:: WHAT IS REQUIRED ::
Please retype the records below exactly as they appear, but leave out the pictures.

:: DATASET ENTRIES ::
=== Section Start ===

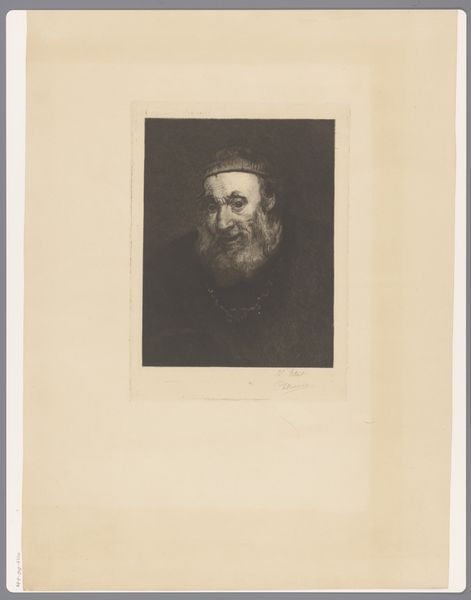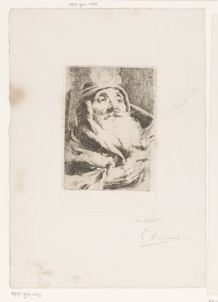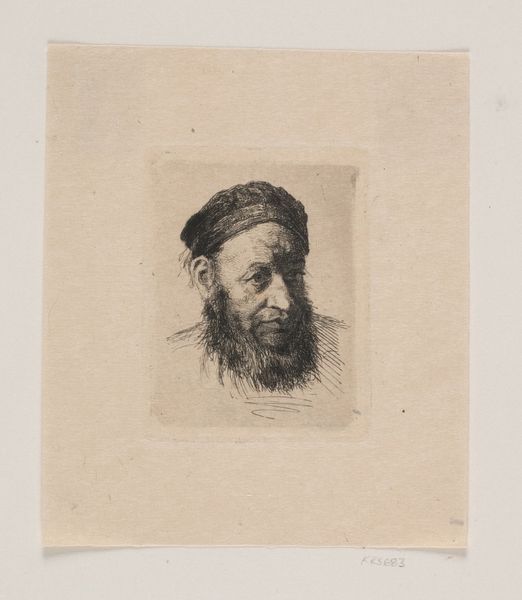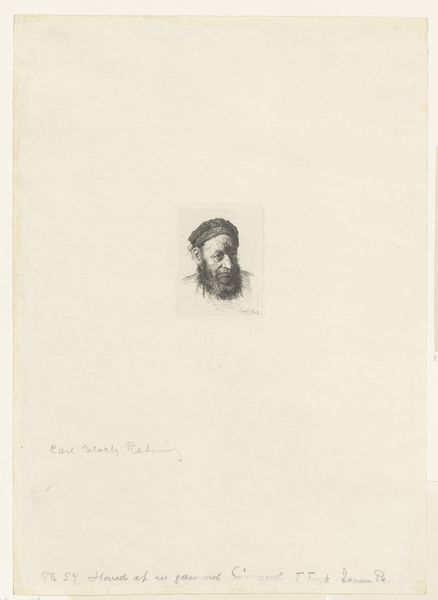 Editor: Here we have Carl Bloch's "Mannekop met lange baard en muts" from 1885, rendered in pencil. It strikes me as a very direct, almost confrontational image. The gaze is quite intense. What can you tell me about this work? Curator: This drawing, like many portraits, functions almost as a mirror, reflecting not just the subject, but cultural notions of wisdom and age. The long beard, historically and symbolically, signified maturity, experience, and even divine connection across cultures. It recalls the visual tropes of philosophers or prophets. Notice how the artist emphasizes the lines around the eyes. Editor: Yes, that's it. I'm getting the wisdom of the ages. The downward-pointing hat has me wondering though. Is it also symbolic, or is it simply what he was wearing? Curator: The cap could represent a humbler status or perhaps a scholarly affiliation. Head coverings often signified roles within a community or spiritual order. What does the gaze convey to you? Editor: There's an awareness there, but I think it’s somewhat melancholic. A weight of history. Curator: Perhaps. Bloch may be tapping into archetypal images of learned elders while imbuing the sitter with individual emotion. The contrast between the meticulously rendered face and the sketchier rendering of the beard and clothing – does that suggest anything to you? Editor: I guess it speaks to what Bloch wanted to say. That the message isn’t in the details, but the essence. This has been insightful. Thank you. Curator: Indeed. Every stroke carries the weight of intention and historical understanding. It leaves me contemplating on the ongoing human desire to find meaning and connection across generations.
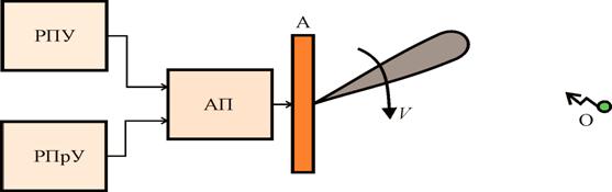 Упрощенная структура РЛС представлена на рис. 1, где использованы следующие обозначения: РПУ – радиопередающее устройство; РПрУ – радиоприемное устройство; АП – антенный переключатель; s0(t) – зондирующий сигнал; s(t) – отраженный сигнал; А – антенна; О – обнаруживаемый объект; V – скорость сканирования антенны. Облучение пространства производится периодическим зондирующим сигналом.
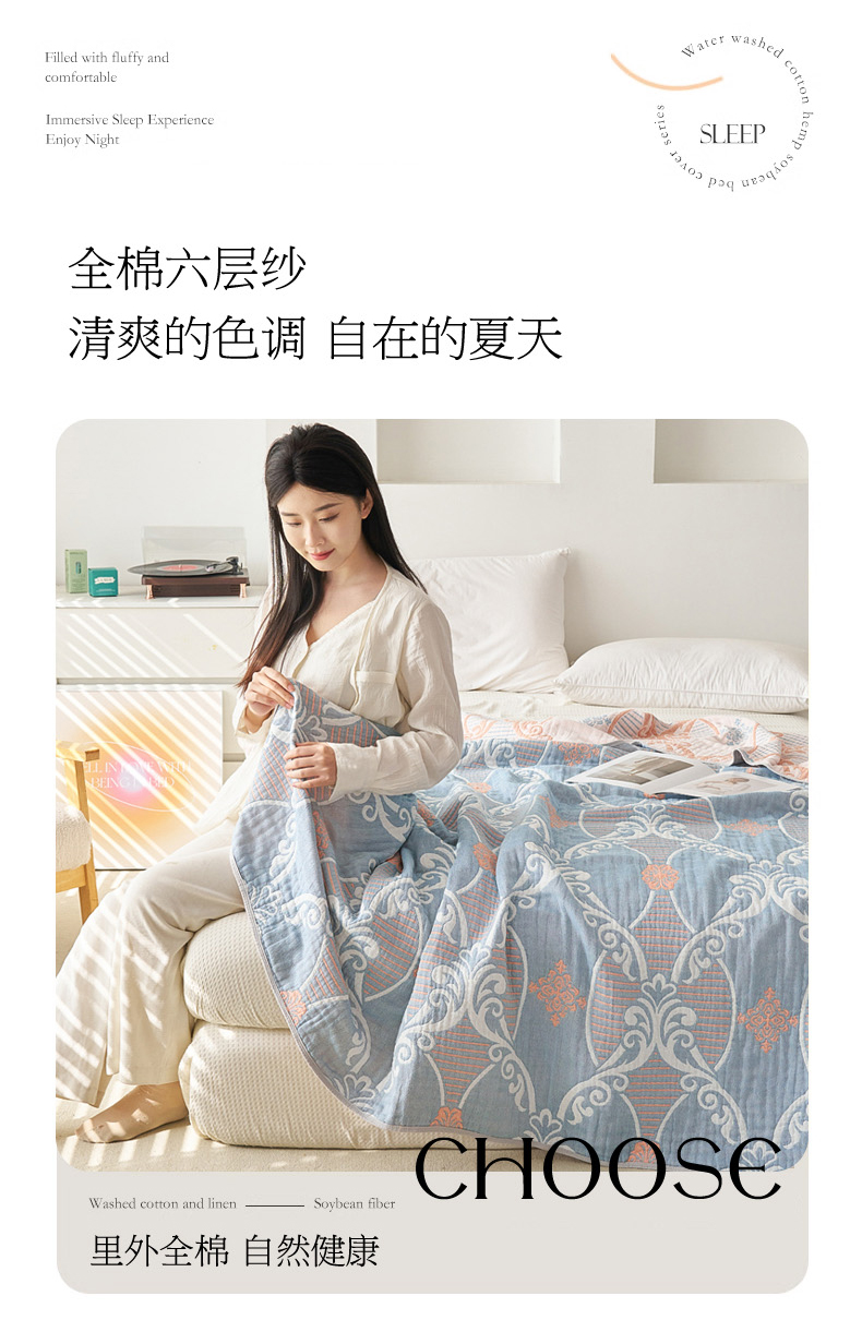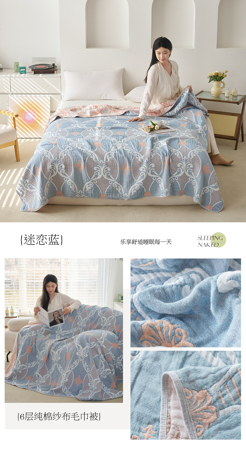 棠薇家纺 2025新款六层纯棉纱布毛巾被水洗工艺不缩水 迷恋蓝
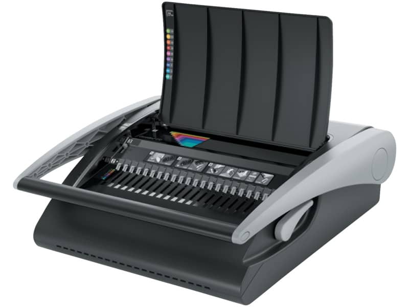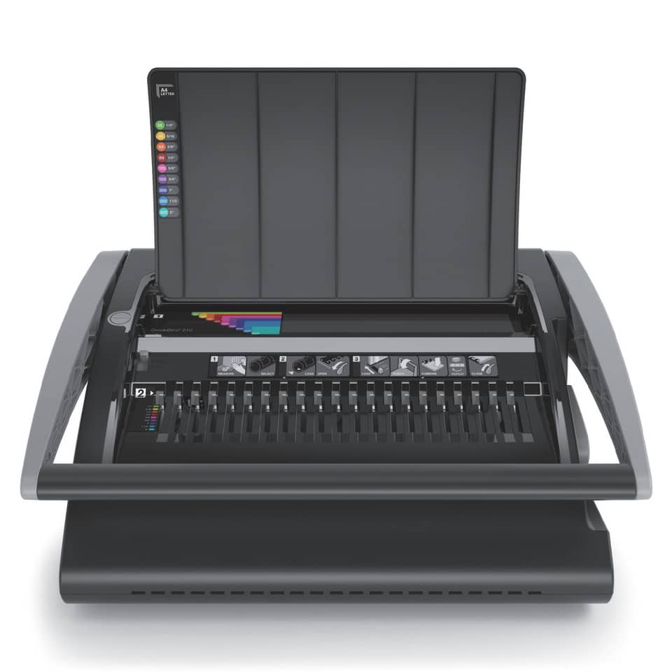 Rilegare non è mai stato così semplice. CombBind® C210 è ideale per volumi medi ed un uso condiviso. Combina una capacità di perforazione fino a 25 fogli da 80 g/mq con una capacità di rilegatura fino a 450 fogli. Rilega formato A3 verticale, A4 o A5 e viene fornito con una maniglia lungo l'intera larghezza per rendere la perforazione della carta facile e regolare. Include anche un pratico scomparto per dorsi CombBind®, il sistema classico per rilegare. Garanzia 2anni. Dimensioni LxPxH: 40x46,5x14,5 cm.
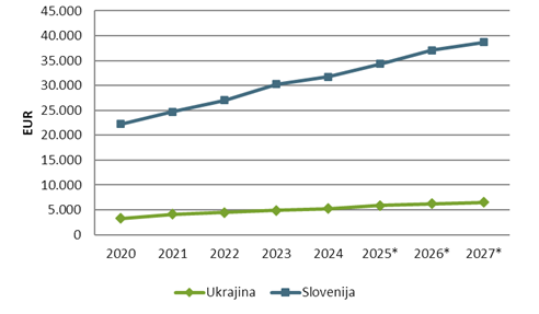 Vrednosti UAH so preračunane v EUR po povprečnem letnem deviznem tečaju ECB za leto 2024.
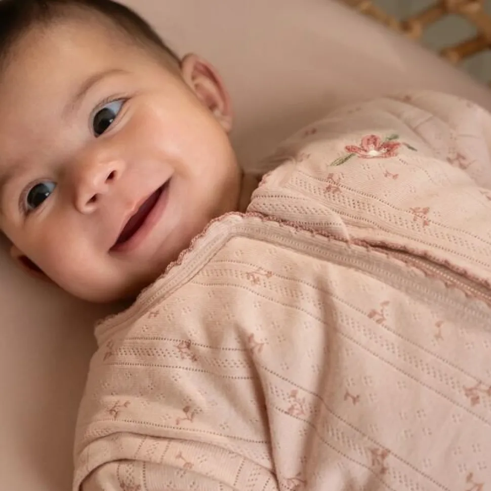 In deze prachtige winterslaapzak met afritsbare mouwtjes in de zachte kleur Pure Blossom met subtiele bloemenprint en delicaat borduursel zal je kleintje slapen als een roosje. Gemaakt van luxe jersey jacquardstof en afgewerkt met een charmant picotrandje, voelt deze slaapzak net zo fijn aan als hij eruitziet. Perfect voor dromen vol bloemenvelden. De slaapzak is verkrijgbaar in 70 cm en 90 cm. De slaapzak sluit naar beneden zodat je kindje hem niet gemakkelijk zelf kan openritsen. Er zit een flap over de rits om de gevoelige babyhuid te beschermen.
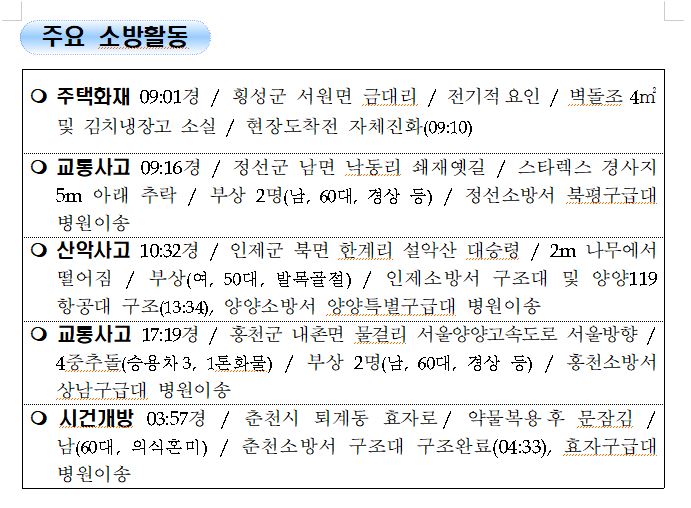강원도 소방활동 일일상황 (10. 21. 목) 06:00
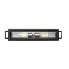 Exquisitely crafted with bold, black lines surrounding a gleaming, brushed nickel frame, this two-light vanity will illuminate your home in style. This handsome fixture looks especially elegant when placed over a bathroom mirror. Bathroom/Powder Room Mounting Direction: Up/Down Dimmable: Yes Material: Steel, Finish Color: Black/Brushed Nickel, Width: 24", Height: 4.75", Length: 4.25", Depth: 4.25", Backplate Width: 4.75", Backplate Length: 21", Lamping Type: Incandescent, Number Of Bulbs: 2, Wattage: 60 Watts, Dimmable: Yes, Moisture Rating: Damp Rated
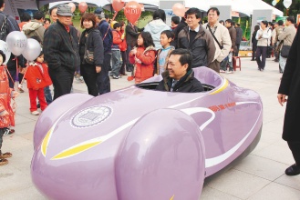 明道大學(xué)研發(fā)氫能燃料電池車在“國際燃料電池車觀摩會”上現(xiàn)身相當(dāng)顯眼,該校校長汪大永在廣場試乘時,引起矚目。圖片來源:聯(lián)合報

=== Section End ===

:: WRITTEN ANSWER ::
 Editor: Here we have Carl Bloch's "Mannekop met lange baard en muts" from 1885, rendered in pencil. It strikes me as a very direct, almost confrontational image. The gaze is quite intense. What can you tell me about this work? Curator: This drawing, like many portraits, functions almost as a mirror, reflecting not just the subject, but cultural notions of wisdom and age. The long beard, historically and symbolically, signified maturity, experience, and even divine connection across cultures. It recalls the visual tropes of philosophers or prophets. Notice how the artist emphasizes the lines around the eyes. Editor: Yes, that's it. I'm getting the wisdom of the ages. The downward-pointing hat has me wondering though. Is it also symbolic, or is it simply what he was wearing? Curator: The cap could represent a humbler status or perhaps a scholarly affiliation. Head coverings often signified roles within a community or spiritual order. What does the gaze convey to you? Editor: There's an awareness there, but I think it’s somewhat melancholic. A weight of history. Curator: Perhaps. Bloch may be tapping into archetypal images of learned elders while imbuing the sitter with individual emotion. The contrast between the meticulously rendered face and the sketchier rendering of the beard and clothing – does that suggest anything to you? Editor: I guess it speaks to what Bloch wanted to say. That the message isn’t in the details, but the essence. This has been insightful. Thank you. Curator: Indeed. Every stroke carries the weight of intention and historical understanding. It leaves me contemplating on the ongoing human desire to find meaning and connection across generations.
 Упрощенная структура РЛС представлена на рис. 1, где использованы следующие обозначения: РПУ – радиопередающее устройство; РПрУ – радиоприемное устройство; АП – антенный переключатель; s0(t) – зондирующий сигнал; s(t) – отраженный сигнал; А – антенна; О – обнаруживаемый объект; V – скорость сканирования антенны. Облучение пространства производится периодическим зондирующим сигналом.
 棠薇家纺 2025新款六层纯棉纱布毛巾被水洗工艺不缩水 迷恋蓝
 Rilegare non è mai stato così semplice. CombBind® C210 è ideale per volumi medi ed un uso condiviso. Combina una capacità di perforazione fino a 25 fogli da 80 g/mq con una capacità di rilegatura fino a 450 fogli. Rilega formato A3 verticale, A4 o A5 e viene fornito con una maniglia lungo l'intera larghezza per rendere la perforazione della carta facile e regolare. Include anche un pratico scomparto per dorsi CombBind®, il sistema classico per rilegare. Garanzia 2anni. Dimensioni LxPxH: 40x46,5x14,5 cm.
 Vrednosti UAH so preračunane v EUR po povprečnem letnem deviznem tečaju ECB za leto 2024.
 In deze prachtige winterslaapzak met afritsbare mouwtjes in de zachte kleur Pure Blossom met subtiele bloemenprint en delicaat borduursel zal je kleintje slapen als een roosje. Gemaakt van luxe jersey jacquardstof en afgewerkt met een charmant picotrandje, voelt deze slaapzak net zo fijn aan als hij eruitziet. Perfect voor dromen vol bloemenvelden. De slaapzak is verkrijgbaar in 70 cm en 90 cm. De slaapzak sluit naar beneden zodat je kindje hem niet gemakkelijk zelf kan openritsen. Er zit een flap over de rits om de gevoelige babyhuid te beschermen.
강원도 소방활동 일일상황 (10. 21. 목) 06:00
 Exquisitely crafted with bold, black lines surrounding a gleaming, brushed nickel frame, this two-light vanity will illuminate your home in style. This handsome fixture looks especially elegant when placed over a bathroom mirror. Bathroom/Powder Room Mounting Direction: Up/Down Dimmable: Yes Material: Steel, Finish Color: Black/Brushed Nickel, Width: 24", Height: 4.75", Length: 4.25", Depth: 4.25", Backplate Width: 4.75", Backplate Length: 21", Lamping Type: Incandescent, Number Of Bulbs: 2, Wattage: 60 Watts, Dimmable: Yes, Moisture Rating: Damp Rated
 明道大學(xué)研發(fā)氫能燃料電池車在“國際燃料電池車觀摩會”上現(xiàn)身相當(dāng)顯眼,該校校長汪大永在廣場試乘時,引起矚目。圖片來源:聯(lián)合報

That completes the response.